Apply an arbitrary confidence threshold ' CS >2', eliminating data with just a single publication and method from the downstream analysis
Once again, convert interactors’ IDs to the approved EntrezID, UniprotID and HGNC gene name.
To remove background noise, keep only members of the second layer bridging >1 PD seed within the PD-CORE network.
The NSL seeds together with the PD seeds, and the non-private second layer interactors from the complete PD-CORE network .
Functional Enrichment Analysis
Assess enrichment of particular biological processes within the PD-CORE network, members (- NSL seeds), by inputting into the g:Profiler search tool, g:GOSt (G:Profiler ; Ashburner, Ball et al. 2000, Gene Ontology 2021; RRID:SCR_006809).
Conduct enrichment for GO terms associated with ‘Biological Processes (BPs)’ only, with all other analysis settings left unadjusted, generating a list of enriched GO:BP terms.

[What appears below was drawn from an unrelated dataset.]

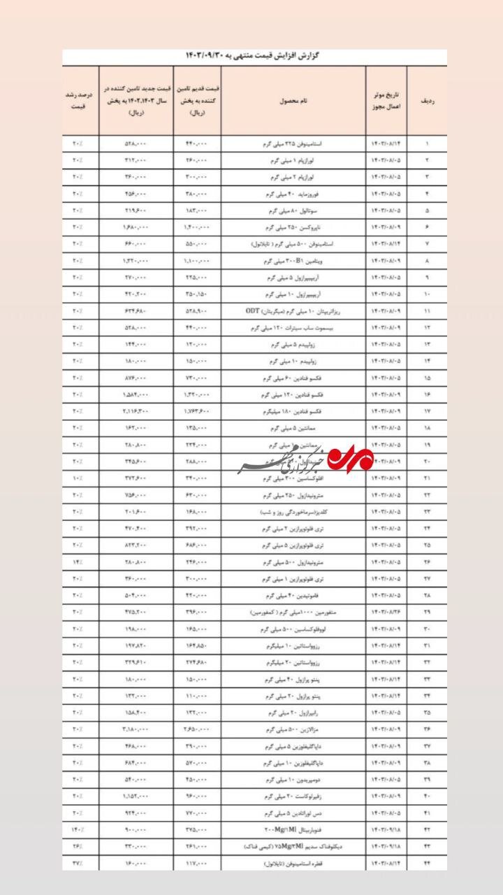 بر اساس گزارش‌ها، قیمت برخی داروها طی ماه‌های اخیر بین ۲۰ تا ۴۰ درصد افزایش یافته است. داروهای مرتبط با بیماری‌های مزمن نظیر دیابت، فشار خون، سرطان، بیماری‌های قلبی و بیماری‌های خودایمنی، بیشترین افزایش قیمت را تجربه کرده‌اند. این در حالی است که بیمه‌های درمانی نیز در جبران این هزینه‌ها با محدودیت‌هایی مواجه هستند. مشکلات بیماران و خانواده‌های بسیاری از بیماران با مشکلات جدی برای تأمین داروهای خود مواجه شده‌اند.

Apply a threshold to the list of enriched GO:BP terms, to retain those with term size <100 thus effectively removing ‘broad’ GO:BP terms.
Assign remaining terms to custom-made ‘semantic classes’(SC), accompanied by a parent ‘functional group’(FG) and discard generic terms.
Pool GO:BP terms contributing to each semantic class to identify the list of proteins within the network contributing to the enrichment of that specific semantic class.
The final list of semantic classes, within each functional group represents those enriched within the network.